**Prompt**
Output the data below exactly, without images.

[Saved data entries]
/---
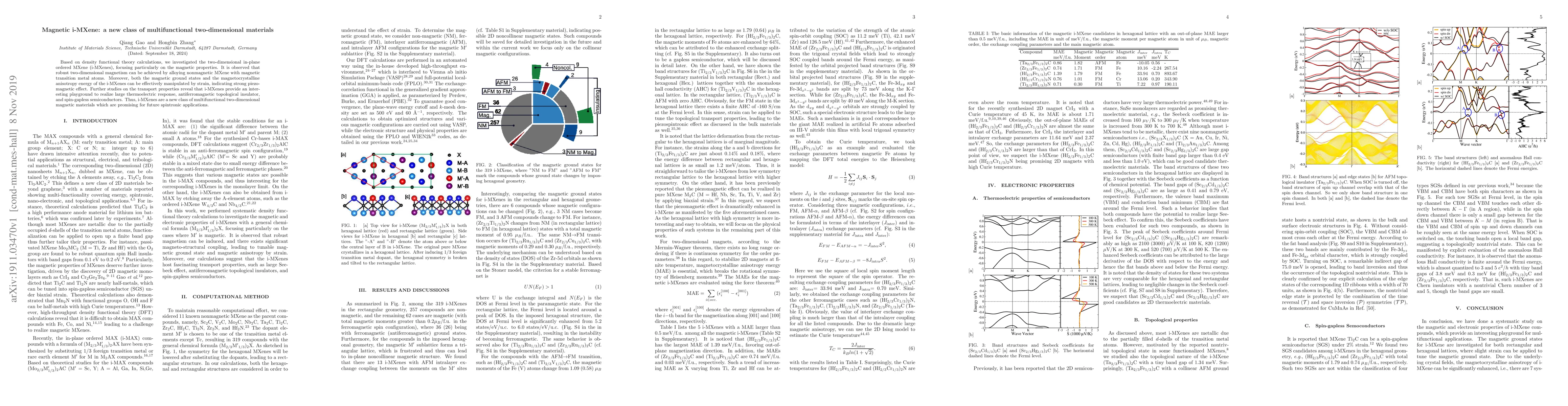 Based on density functional theory calculations, we investigated the two-dimensional in-plane ordered MXene (i-MXenes), focusing particularly on the magnetic properties. It is observed that robust two-dimensional magnetism can be achieved by alloying nonmagnetic MXene with magnetic transition metal atoms. Moreover, both the magnetic ground states and the magnetocrystalline anisotropy energy of the i-MXenes can be effectively manipulated by strain, indicating strong piezomagnetic effect. Further studies on the transport properties reveal that i-MXenes provide an interesting playground to realize large thermoelectric response, antiferromagnetic topological insulator, and spin-gapless semiconductors. Thus, i-MXenes are a new class of multifunctional two-dimensional magnetic materials which are promising for future spintronic applications.
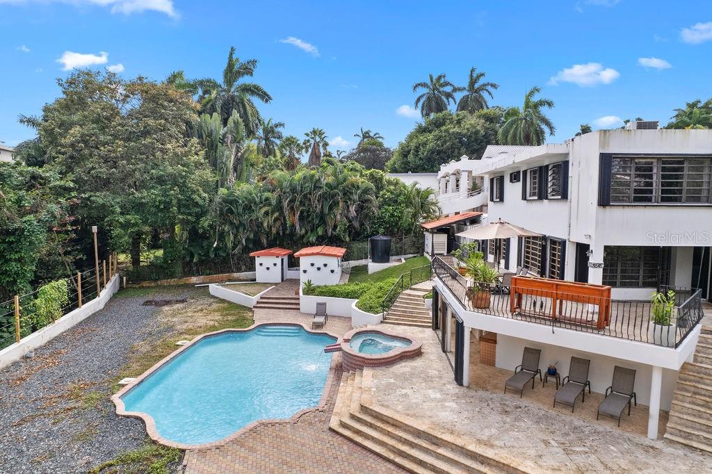 Priced to sell! The property is located in the desirable Santa Maria community, on a private cul-de-sac, offering both privacy and security. It features spacious living areas, a charming balcony overlooking the pool, a large patio, an outdoor kitchen, a full bathroom by the pool, and a driveway with ample space for several cars. There are two double-covered garages (one attached to the house). The master bedroom has a lovely view of the pool area. Additional features include a full-power generator, cistern, water softener system, and hurricane storm shutters. Santa Maria Urbanization offers 24/7 security with controlled access. The property is located just minutes from top private schools in San Juan.
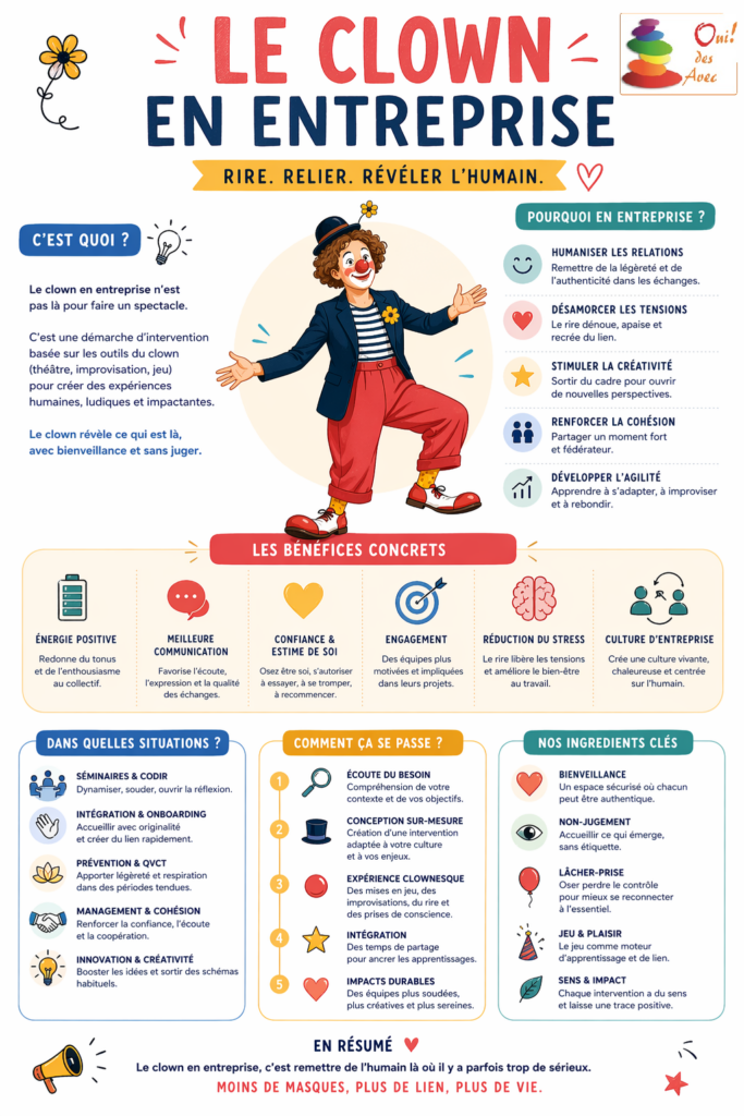 👉 Experte formatrice en communication, j’utilise l’outil du clown de théâtre.
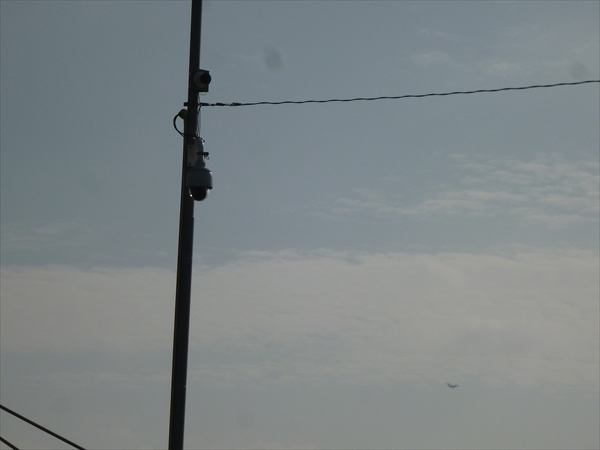 小さくて見にくいが、辺野古崎の上空を飛ぶオスプレイ。高江に向かっているのだろうか?墜落後一週間もたたずに訓練飛行を再開した後、相変わらず住民地域(那覇でも)を傍若無人に飛び回っている。
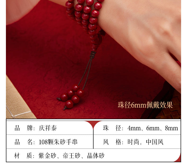 Qingxiangtai Cinnabar 108 Beads Buddhist Prayer Beads Bracelet for Women, Official Flagship Store, Genuine Original Mineral, Multi-Layer Bracelet for Men
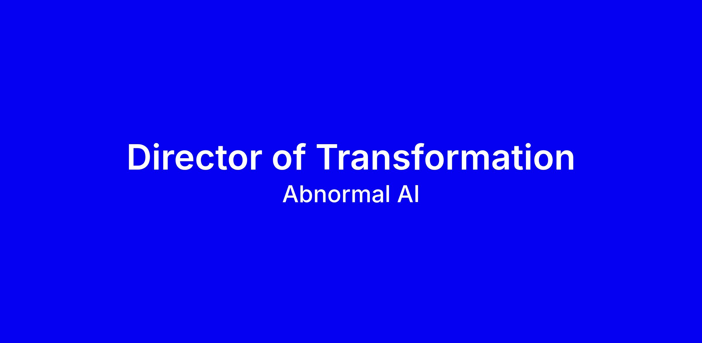 As our Director of Transformation, you’ll build and lead a small, high-impact team that acts as the “tip of the spear” for AI transformation across the business. You’ll work directly with the Chief People & Transformation Officer, CFO, CEO, and Chief of Staff to identify high-value opportunities for transformation, scope business problems, and partner with our R&D pods to prioritize and deliver solutions. You’ll also design the future of human work at Abnormal—defining how roles, teams, and systems adapt as automation unlocks new ways of operating.
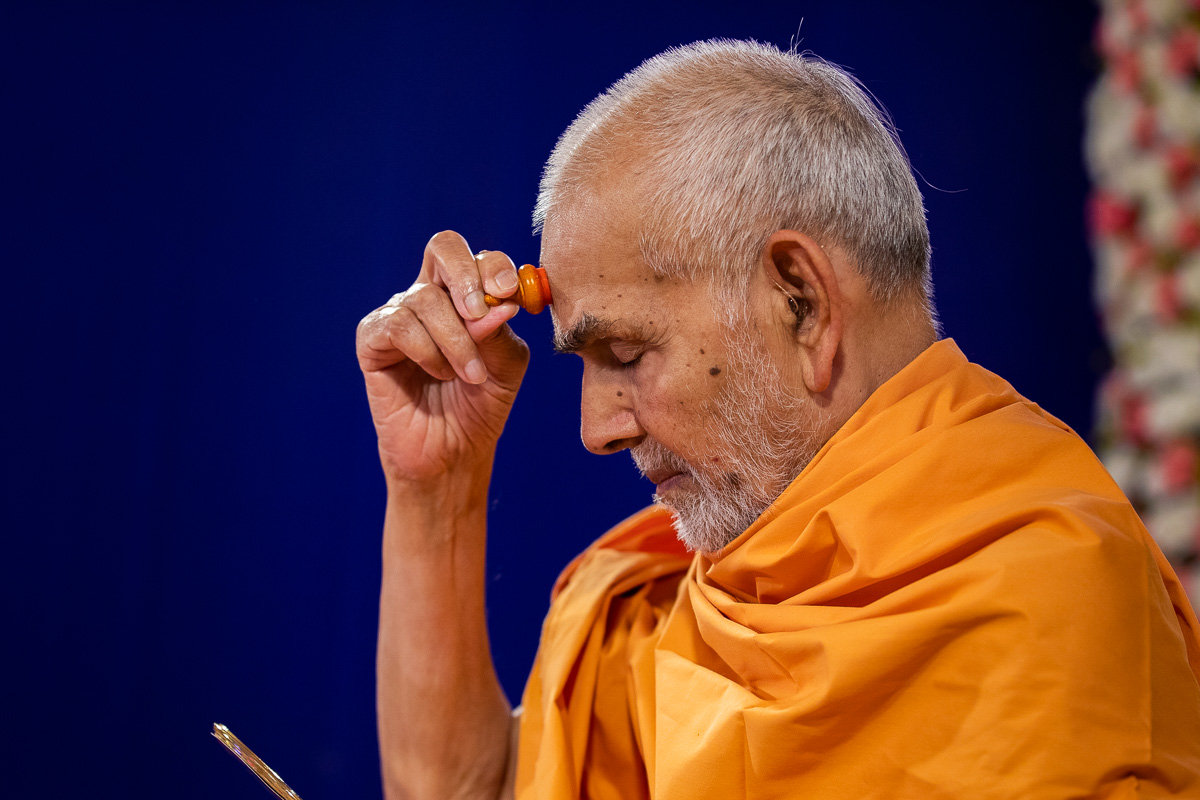 Param Pujya Mahant Swami Maharaj performs the morning arti
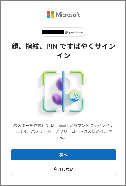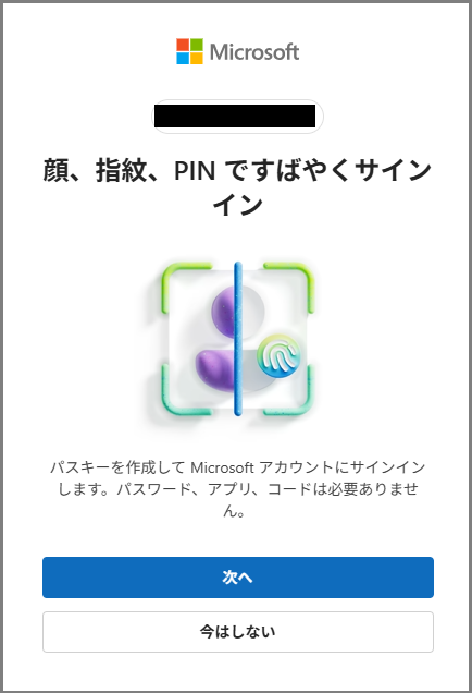 6. 顔認証、指紋認証、PINによるサインインを設定する場合は[次へ]を、設定しない場合は[今はしない]を選択します
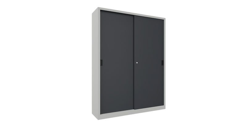Dette robuste stålskapet overbeviser med sin stabile, sveisede metallkonstruksjon og er spesielt egnet for verksteder, lagerområder og industrielle arbeidsmiljøer med begrenset plass. Den kompakte konstruksjonen med lettbevegelige skyvedører sparer verdifull plass og muliggjør effektiv bruk også i smale ganger eller nisjer.
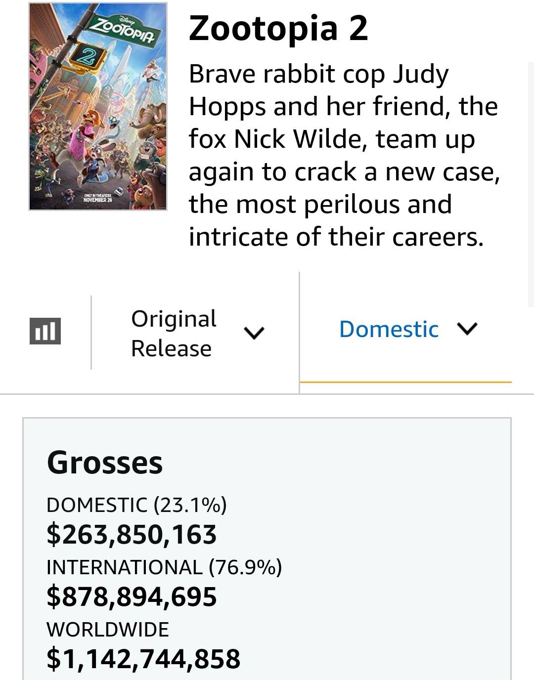 《疯狂动物城2》目前北美票房2.64亿美元,海外票房8.79亿美元,全球票房11.43亿美元,已超过《星际宝贝史迪奇》的全球10.38亿元票房,成为2025年好莱坞最卖座的电影。
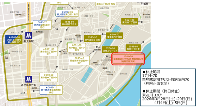 2026年3月28日(土)・29日(日)・4月4日(土)・5日(日)の4日間、「柴島浄水場桜並木通り抜け」の開催に伴い、東淀川エリアの一部乗降場所を休止します。
\---
**Answer section**
 Based on density functional theory calculations, we investigated the two-dimensional in-plane ordered MXene (i-MXenes), focusing particularly on the magnetic properties. It is observed that robust two-dimensional magnetism can be achieved by alloying nonmagnetic MXene with magnetic transition metal atoms. Moreover, both the magnetic ground states and the magnetocrystalline anisotropy energy of the i-MXenes can be effectively manipulated by strain, indicating strong piezomagnetic effect. Further studies on the transport properties reveal that i-MXenes provide an interesting playground to realize large thermoelectric response, antiferromagnetic topological insulator, and spin-gapless semiconductors. Thus, i-MXenes are a new class of multifunctional two-dimensional magnetic materials which are promising for future spintronic applications.
 Priced to sell! The property is located in the desirable Santa Maria community, on a private cul-de-sac, offering both privacy and security. It features spacious living areas, a charming balcony overlooking the pool, a large patio, an outdoor kitchen, a full bathroom by the pool, and a driveway with ample space for several cars. There are two double-covered garages (one attached to the house). The master bedroom has a lovely view of the pool area. Additional features include a full-power generator, cistern, water softener system, and hurricane storm shutters. Santa Maria Urbanization offers 24/7 security with controlled access. The property is located just minutes from top private schools in San Juan.
 👉 Experte formatrice en communication, j’utilise l’outil du clown de théâtre.
 小さくて見にくいが、辺野古崎の上空を飛ぶオスプレイ。高江に向かっているのだろうか?墜落後一週間もたたずに訓練飛行を再開した後、相変わらず住民地域(那覇でも)を傍若無人に飛び回っている。
 Qingxiangtai Cinnabar 108 Beads Buddhist Prayer Beads Bracelet for Women, Official Flagship Store, Genuine Original Mineral, Multi-Layer Bracelet for Men
 As our Director of Transformation, you’ll build and lead a small, high-impact team that acts as the “tip of the spear” for AI transformation across the business. You’ll work directly with the Chief People & Transformation Officer, CFO, CEO, and Chief of Staff to identify high-value opportunities for transformation, scope business problems, and partner with our R&D pods to prioritize and deliver solutions. You’ll also design the future of human work at Abnormal—defining how roles, teams, and systems adapt as automation unlocks new ways of operating.
 Param Pujya Mahant Swami Maharaj performs the morning arti
 6. 顔認証、指紋認証、PINによるサインインを設定する場合は[次へ]を、設定しない場合は[今はしない]を選択します
Dette robuste stålskapet overbeviser med sin stabile, sveisede metallkonstruksjon og er spesielt egnet for verksteder, lagerområder og industrielle arbeidsmiljøer med begrenset plass. Den kompakte konstruksjonen med lettbevegelige skyvedører sparer verdifull plass og muliggjør effektiv bruk også i smale ganger eller nisjer.
 《疯狂动物城2》目前北美票房2.64亿美元,海外票房8.79亿美元,全球票房11.43亿美元,已超过《星际宝贝史迪奇》的全球10.38亿元票房,成为2025年好莱坞最卖座的电影。
 2026年3月28日(土)・29日(日)・4月4日(土)・5日(日)の4日間、「柴島浄水場桜並木通り抜け」の開催に伴い、東淀川エリアの一部乗降場所を休止します。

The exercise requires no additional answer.